Sur le vif

L'armée mobilisée en Afrique du Sud pour enrayer les violences

| Jeudi 22 Mai 2008 à 22:11



L'armée était mobilisée jeudi dans la région de Johannesburg, en renfort de la police, pour enrayer les violences xénophobes qui ont fait plus de 40 morts et 16 000 déplacés, rappelant aux Sud-Africains les jours sombres de l'apartheid.

Des militaires et leurs hélicoptères étaient sur le qui-vive, prêts à réagir à la moindre alerte. La police, dont des unités d'élite, restait déployée dans les townships, ravagés par des bandes armées de machettes, qui ont attaqué des immigrés et incendié leurs masures.

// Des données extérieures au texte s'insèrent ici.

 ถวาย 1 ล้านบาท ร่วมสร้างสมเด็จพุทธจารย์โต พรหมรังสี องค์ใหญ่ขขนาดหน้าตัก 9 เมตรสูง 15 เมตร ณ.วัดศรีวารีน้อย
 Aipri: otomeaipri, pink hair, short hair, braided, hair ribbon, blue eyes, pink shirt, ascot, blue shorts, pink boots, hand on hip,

«Dès que la police sud-africaine aura besoin de notre soutien, elle nous en informera par voie hiérarchique et nous nous déploierons où ce sera nécessaire», a déclaré à l'AFP le général Kwena Mangope, porte-parole de l'armée.

Les violences se sont étendues depuis mardi au-delà de Johannesburg, faisant craindre qu'elles ne se propagent à tout le pays.

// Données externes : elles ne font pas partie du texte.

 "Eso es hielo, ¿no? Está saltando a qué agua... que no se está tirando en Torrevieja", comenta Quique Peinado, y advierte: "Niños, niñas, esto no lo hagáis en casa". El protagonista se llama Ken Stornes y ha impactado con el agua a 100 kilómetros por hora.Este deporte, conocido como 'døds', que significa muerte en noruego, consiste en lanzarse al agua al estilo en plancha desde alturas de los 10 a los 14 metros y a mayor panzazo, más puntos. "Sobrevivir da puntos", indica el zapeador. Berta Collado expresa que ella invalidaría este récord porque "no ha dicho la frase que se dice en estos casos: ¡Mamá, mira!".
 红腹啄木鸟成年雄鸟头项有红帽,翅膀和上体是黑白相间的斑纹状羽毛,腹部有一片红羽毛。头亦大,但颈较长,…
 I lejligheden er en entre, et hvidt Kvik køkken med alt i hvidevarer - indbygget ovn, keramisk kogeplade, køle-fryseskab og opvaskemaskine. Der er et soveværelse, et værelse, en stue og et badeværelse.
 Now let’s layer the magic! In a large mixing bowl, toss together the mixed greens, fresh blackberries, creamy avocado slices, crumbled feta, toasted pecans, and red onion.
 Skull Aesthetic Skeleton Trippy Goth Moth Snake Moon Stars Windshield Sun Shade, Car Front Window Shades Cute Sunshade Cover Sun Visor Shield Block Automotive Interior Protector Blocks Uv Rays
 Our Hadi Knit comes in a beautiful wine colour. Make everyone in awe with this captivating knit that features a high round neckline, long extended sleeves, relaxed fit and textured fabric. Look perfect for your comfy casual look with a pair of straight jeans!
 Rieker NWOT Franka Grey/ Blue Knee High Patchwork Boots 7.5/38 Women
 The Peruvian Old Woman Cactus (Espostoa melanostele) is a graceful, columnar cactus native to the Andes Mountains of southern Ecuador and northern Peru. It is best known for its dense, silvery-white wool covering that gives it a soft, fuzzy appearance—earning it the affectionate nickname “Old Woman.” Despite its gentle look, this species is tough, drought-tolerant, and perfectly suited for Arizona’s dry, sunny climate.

Et, si la situation semblait plus calme dans les bidonvilles de la province du Gauteng, où se trouve la capitale économique sud-africaine, la police a pour la première fois fait état d'attaques dans la province limitrophe du North West.

«Nous avons eu des incidents la nuit dernière dans le township d'Oukasie, à Brits. Les boutiques de trois étrangers ont été attaquées et pillées», a déclaré à l'AFP le commissaire Peter du Plessis, de la police du North West.

Les forces de l'ordre ont dû faire usage de balles en caoutchouc et procédé à 49 arrestations, a-t-il ajouté, précisant que «35 Zimbabwéens se sont réfugiés au poste de police».

De nouveaux troubles ont eu lieu dans la province du Mpumalanga (est) mercredi soir, dans une moindre mesure que la veille. «Deux autobus ont été incendiés et un Mozambicain a été blessé par balles. Il est hospitalisé», a déclaré une porte-parole de la police, Sibongile Nkosi.

Le calme semblait en revanche revenu à Durban, dans le KwaZulu-Natal (sud-est). «Jusqu'ici, nous n'avons pas eu de nouvelles attaques. La situation est sous contrôle», a déclaré à l'AFP la commissaire Phindile Radebe.

Les violences, qui ont éclaté le 11 mai dans le bidonville d'Alexandra, mitoyen du quartier financier de Sandton, à Johannesburg, ont fait au moins 42 morts, selon la police.

Plus de 16 000 personnes ont fui. Des centaines d'entre elles se sont réfugiées dans des commissariats, des centres paroissiaux, où des associations se mobilisent pour les aider.

De nombreux Sud-Africains, confrontés à environ 40% de chômage et autant de pauvreté, accusent les étrangers, dont quelque trois millions de Zimbabwéens exilés en raison de la crise dans leur pays, de prendre des emplois et d'être responsables de la forte criminalité.

Ces violences ont un impact sur l'économie, en particulier dans les mines d'or dont la majorité de la main d'oeuvre est étrangère. Elles ternissent aussi l'image de la Nation Arc en ciel, rêvée par le héros de la lutte anti-apartheid et ancien président Nelson Mandela.

Le chef de l'opposition zimbabwéenne, Morgan Tsvangirai, s'est rendu jeudi à Alexandra pour rencontrer des victimes des violences. «Si tout allait bien chez nous, nous n'aurions pas besoin d'être ici. J'espère que nous allons pouvoir résoudre la crise chez nous», a-t-il dit.

Plus de 3000 Mozambicains ont déjà fui. «Nous sommes prêts à aider ceux qui veulent rentrer», a assuré jeudi le président mozambicain Armando Guebuza, lors d'une réunion publique à Pemba (nord).

Selon Kgalema Motlanthe, secrétaire général du Congrès national africain (ANC, au pouvoir en Afrique du Sud), les troubles s'expliquent par la misère des townships.

«Quand on vit dans des conditions sordides, il suffit d'un incident pour que la violence explose», a-t-il déclaré jeudi lors d'un forum sur les médias. Il a admis que les Sud-Africains «qui n'ont pas eu accès à l'éducation», en raison des injustices héritées de l'apartheid tombé en 1994, envient les immigrés, surtout les Zimbabwéens mieux qualifiés.